EDIT: I guess I should clarify, my previous comment was talking about cdecl functions, i.e. the default calling convention in C.


That's a special case though and unrelated to (). Like it's also explicitly allowed to omit a return statement in main altogether, which implies a return 0.


That was added in C99; previously, "falling off" the end of main without a return statement resulted in an indeterminate termination status. Countless sloppily written C programs had garbage termination statuses because of this, making it impossible for higher level programs (e.g. scripts) to reliably test for successful execution.


Why not just use int main(void)?


I'm confused. main doesn't take void--it takes two arguments. The f() syntax means that the definition doesn't specify how many arguments the function will be called with, while f(void) means it takes no arguments.


As per the standard, main() can take no argument [ie, main(void)] or 2 arguments [main (int, char asterisk asterisk) or equivalent] or some implementation defined manner. See 5.1.2.2.1 in C2x working draft[0].

[0] http://www.open-std.org/jtc1/sc22/wg14/www/docs/n2346.pdf


Wow, it is painful to see that they still haven't accepted case ranges. They are supported by gcc, clang, and icc. Like so:

case 123 ... 456:

Switching on strings is another thing people have been wanting for half a century. It would seep up many programs, because most programmers don't bother to generate a perfect hash or a carefully-balanced tree of "if".


I would just be happy with a change that allowed me to not keep repeating the type identifier all the time. Something like:

  int foo(int x, y, z, float a, b, c) { ...
instead of

  int foo(int x, int y, int z, float a, float b, float c) { ...
Yes, you can pack things like that into a struct sometimes, but not always. From talking to folks who were on the ANSI committee at the time, there was some reason why the first example wouldn't work. Some parsing ambiguity, but I forget the details.

It's distressing to see new languages (like D) adopt this verbose style as if it were some well thought out idea. It wasn't, it was just a consequence of the new declaration style that the ANSI C committee adopted.


Can't you do that already with f(...)?


As other comments have noted:

varargs functions require at least one non-vararg parameter.

(As int_19h said:) On some architectures, vararg functions have their own distinct ABI, so (...) as a declaration is not compatible with any definition that doesn't also use (...).


Not in C! All variadic arguments functions must have at least one non-variadic variable.


Could introduce something new, foo(?) or such to make the intent clearer.


There's already the "..." token to signify a variadic function, which is effectively what "takes parameters that you can't list" means, although I believe it's currently defined only for at least one non-variadic argument.


Furthermore, on some architectures, vararg functions have their own distinct ABI, so (...) as a declaration is not compatible with any definition that doesn't also use (...).

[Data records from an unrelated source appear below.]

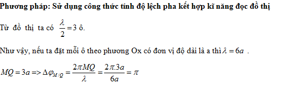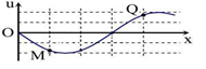 Trên một sợi dây dài đang có sóng ngang hình sin truyền qua theochiều dương của trục Ox. Tại thời điểm t0, một đoạn của sợi dây có hình dạng như hình bên. Hai phần tử dây tại M và Q dao động lệch pha nhau
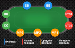 Позиция — сила. Поздние места вроде баттона дают преимущество. Видят действия других и решают последними. Ранние позиции требуют осторожности — играют только топ-карты.
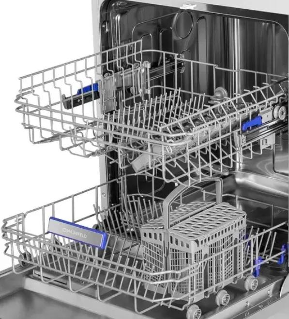 Полноразмерные модели выбирают в больших семьях, а также те, кто много готовит или часто принимает гостей. Их вместимость может составить до 15 комплектов посуды, а габаритные размеры соответствуют размерам стандартной кухонной мебели шириной и глубиной 60 см и высотой 82-85 см. Они выпускаются как во встраиваемом, так и в отдельностоящем варианте: во втором случае для установки понадобится достаточно много места. Как правило, полноразмерные приборы отличаются большим набором стандартных и специальных программ мойки, а также дополнительных опций: в частности, они оснащаются третьей корзиной для мытья столовых приборов.
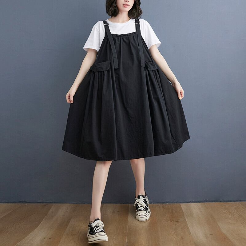 コットンとリネンのサスペンダースカートの女性、ゆったりとファッショナブルな、アインスタイルのサスペンダースカート、ハイウエスト、年齢を軽減する脂肪、大きいサイズのリネンのミドル丈スカート ハイウェスト 大きめサイズ sine51341133555

The construct would be a pointless throwback to poorer type safety. Every C function call is statically typed and so is a function definition. The declaration of what is being called may tell you nothing about the argument list, but the call expression which uses that identifier will assume a static type for it, based on how it is called. The call will be compiled assuming it has a certain type, which may or may not match what is being called. There is no run time-check; if it's wrong, it's undefined behavior.


What I would like in C is a way to specify an argument list. And be able to slop them around and call functions with them later.

So perhaps foo(args) means foo takes a list of arguments unspecified.


You can approximate an argument list using compound literals as long as 0/NULL is an acceptable default value. It's a bit noisy, but it works something like this if I remember right:

    result = foo(&(struct foo_args){.arg1 = 4, .arg7 = "2"})



There are libraries for this like GNU ffcall and libffi.


Looked at those. Problem with libffi is it wasn't ported to a 32 bit arm. And the interface is 'clunkie'

I think what I want is llvm's blocks. Which isn't available in gcc.


Like va_list in vprintf ?


Yup, would totally be fine with that.


For those who are still wondering the actual reason for the extra instruction after reading all that, it has to do with the calling convention: when calling a variadic function in SysV AMD64, AL holds the number of vector registers used for parameters. I believe the Microsoft x64 one doesn't do that.

Also, a xor r32, r32 is 2 bytes, not 1.


Yep: https://godbolt.org/z/BMjD0Y

sorry, I must've misread the output from godbolt from too many window splits. Will update the article. Thanks for pointing it out. :)


The reason is that there’s no space between the instruction address and the first byte of the instruction, but there are spaces between later bytes.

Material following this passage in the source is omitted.